Risk-mitigation efforts she sees include helping workers with posture, enforcing rest breaks, and hiring masseuses to ease shoulder and wrist strains.

Greater scrutiny from OSHA, state agricultural agencies and state marijuana control boards are helping drive the improvements, Martin said. Like employers in other industries, cannabis operations also adopt safety measures to eliminate employee turnover and retain valuable workers, she added.

Labor union pressures could also drive worker safety improvements. Notably, the 33,000-member United Food and Commercial Workers International Union is recruiting medical marijuana workers under a “Cannabis Workers Rising” program.

Moriconi expects to see the union active in Eastern states, such as Pennsylvania, which are adopting medical marijuana laws and already have an extensive organized labor presence.

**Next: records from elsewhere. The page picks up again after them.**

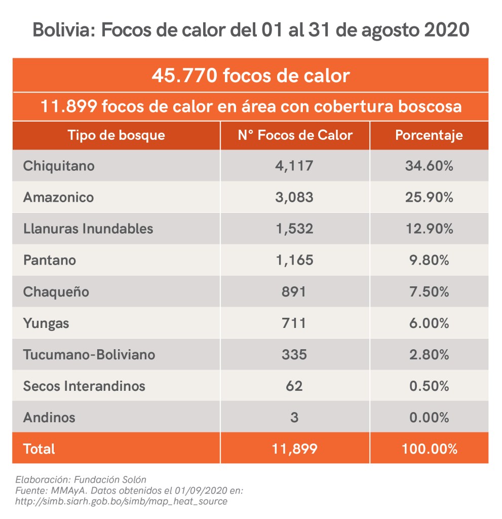 Si bien en Bolivia durante el mes de agosto hubieron menos focos de calor que el año pasado,[9] los registros acumulados hasta la fecha no dejan de ser inquietantes.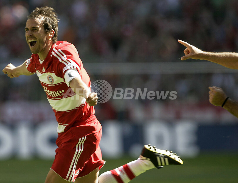 【ミュンヘン/ドイツ 19日 AFP】サッカー、ドイツ・ブンデスリーガ・最終第34節、バイエルン・ミュンヘン(Bayern Munich)vsマインツ05(Mainz 05)。今シーズン限りでの現役引退を表明しているバイエルンのメーメット・ショル(Mehmet Scholl)は、前半33分にチーム2得点目を決め今季初ゴールをマークし現役最後の試合に華を添えた。試合はバイエルンが5-2で快勝し、18勝10敗6分けの4位で今季のリーグ戦を終えた。写真は、試合後サポーターの歓声に応えるショル。(c)AFP/DDP/SASCHA SCHUERMANN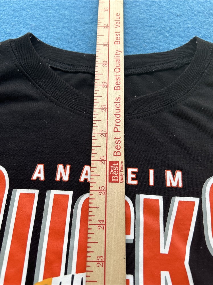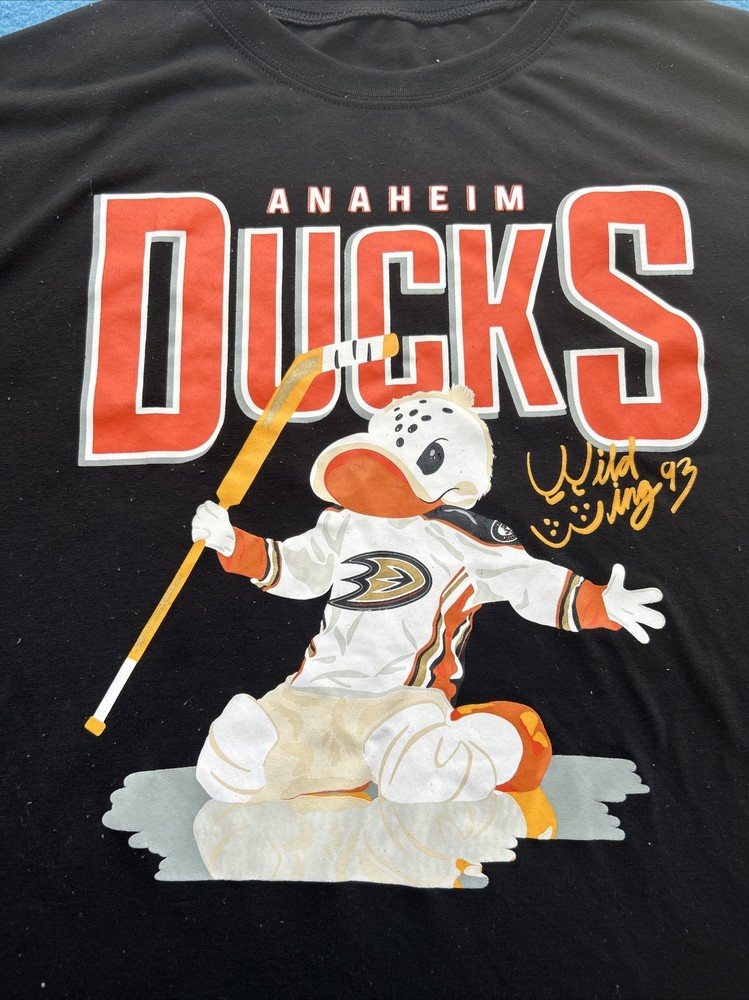 Show your love for the Anaheim Ducks with this NHL Wild Wing 93 T-Shirt in size XL. The black cotton blend material is perfect for any hockey fan, featuring a solid pattern and short sleeves. The crew neck and regular fit make it comfortable for all-day wear, while the graphic print of Wild Wing adds a touch of style. This T-shirt is perfect for any occasion, whether you're cheering on the Ducks at the game or just showing off your team spirit. No tag, see pictures for actual measurements. 00s2a9s9x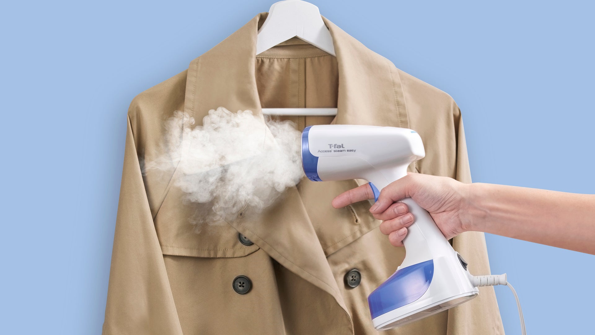 詳細は衣類スチーマーのWEBサイトを参照。( https://www.t-fal.co.jp/sp/products/iron/garment-steamer/ )3月公開予定。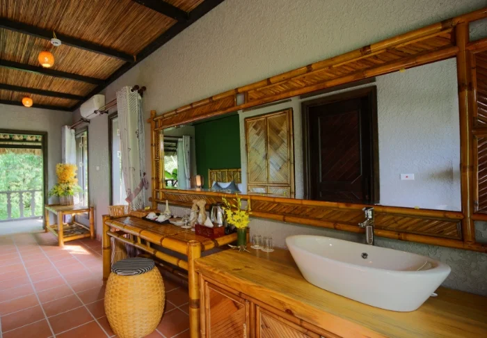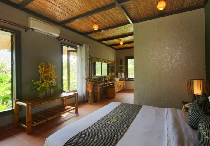 Lodgen har 43 rum, och som standard bor du i ett superiorrum som är rymligt och inrett med varma naturmaterial som bambu, trä och handgjorda detaljer. Sängen står centralt i rummet och omges av mjuka textilier och dämpade färger som skapar en lugn atmosfär. Rummet har aircondition, minibar, kaffe- och tefaciliteter samt värdeskåp. Badrummet har ett fristående handfat, gott om bänkyta och en duschhörna. Från den täckta terrassen har du utsikt över gröna kullar och frodig grönska. Terrassen är öppen med begränsad avskärmning och möblerad med stolar där du kan slå dig ner och njuta av lugnet och den friska luften.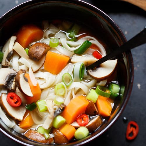 Ich kann mir zum Beispiel auch super Paprika, Pak Choi, Zuckerschoten, Erbsen oder Zucchini in der Suppe vorstellen. Außerdem könnt ihr bei den Nudeln variieren. Ich habe asiatische Weizennudeln genommen, Ramen-Nudeln und Mie-Nudeln passen aber auch ganz wunderbar.

In smaller mom-and-pop operations, younger workers may have accepted cash or product as wages and are not likely to report an injury claim, Moriconi said. But that will change.

“Once the unions get involved in this you will have no shortage of claims,” Moriconi said. “They are not going to take product. You will be dealing with different checks and balances to make sure you have the safety and risk management built in.”

The recent murder of a security guard at a Colorado marijuana shop, meanwhile, added to criticisms that increasing retail outlet security measures often focus on protecting the cash-only businesses’ cannabis product and money rather than workers.

But overall, the risks faced by cannabis retail shops generally mirror those experienced at other retail stores with an elevated exposure profile, sources said.

McMillen at Pinnacol likened the risk level to other businesses interacting with the public and handling cash, like liquor stores or taxi cabs.

The approximately 200 marijuana retail dispensaries insured by California State Compensation Insurance Fund report injuries consistent with other businesses classified as retail operations, a SCIF spokeswoman said.

“It was primarily slips, trips and falls,” she said. “In terms of the injuries, it was strains and sprains.”